Wednesday, June 23, 2010

Sum to X

Given a large file, having N (N is very large) positive integers, how will you find a pair of numbers that add up to x.


  1. Divide integers in c classes using their log c leftmost bits. Assume there exist (Ah << c) | Al +
    (Bh << c ) | Bl = X. For each choice of Ah we
    compute Bh and go through the sequence creating
    one hash table H for elements with high bits = Ah
    and one sequence Z for elements with high bits = Bh.
    Next, iterate over Z and query H for (X-Z[i]).
    Using 32 bits integers and c = 2, it takes 4 passes.
    Using 64 bits it will be surely longer, but one
    can make some statistics.

    Is it what you intended?

  2. Suppose that we can store M ints in memory.
    Partition the large file into N/(2*M) files, each
    one holding M/2 ints.
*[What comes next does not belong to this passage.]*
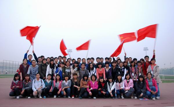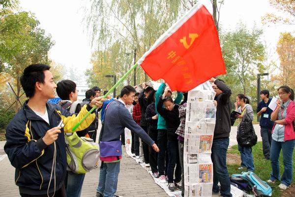 弥谩瘴雾何所惧,北上抗日志更坚,“坐地起”,怎奈何我金融学子,一蹴而就迎胜利。人语马啸西风劲,露洗湿衣成冰瓜,“绑腿跑”,纵使秋风瑟瑟起,满怀激情,号声嘹亮,手挽手,心齐心。在历时一个多小时后,“长征队伍”迎来了他们倒数第二个任务---翻报纸。这不仅要求同学间要有极高的默契,而且考验了同学们的智慧。同学们集思广益,纷纷开动脑筋,在不断地尝试后,终于找到了完成任务的诀窍。长征路逐渐接近了尾声,回到足球场上,辛苦的战士们面临着他们的最后一项任务---解手链。大家协力齐心,以完美的结局为整个“长征路”画上了句号。

Before writing these M/2 integers, perform a quicksort in memory and write in sorted order. Hence we have created N/(2*M) sorted runs.

    Allocate two arrays A[M/2], B[M/2]

    for (i = 0; i < N/(2*M); i++) {

    Load ints of file i into array A

    for (j = i + 1; j < N/(2*M); j++) {
    Load ints of file j into array B

    for (k = 0; k < M/2; k++) {
    f = BinarySearch in array B for the number x-A[k]

    if (f) {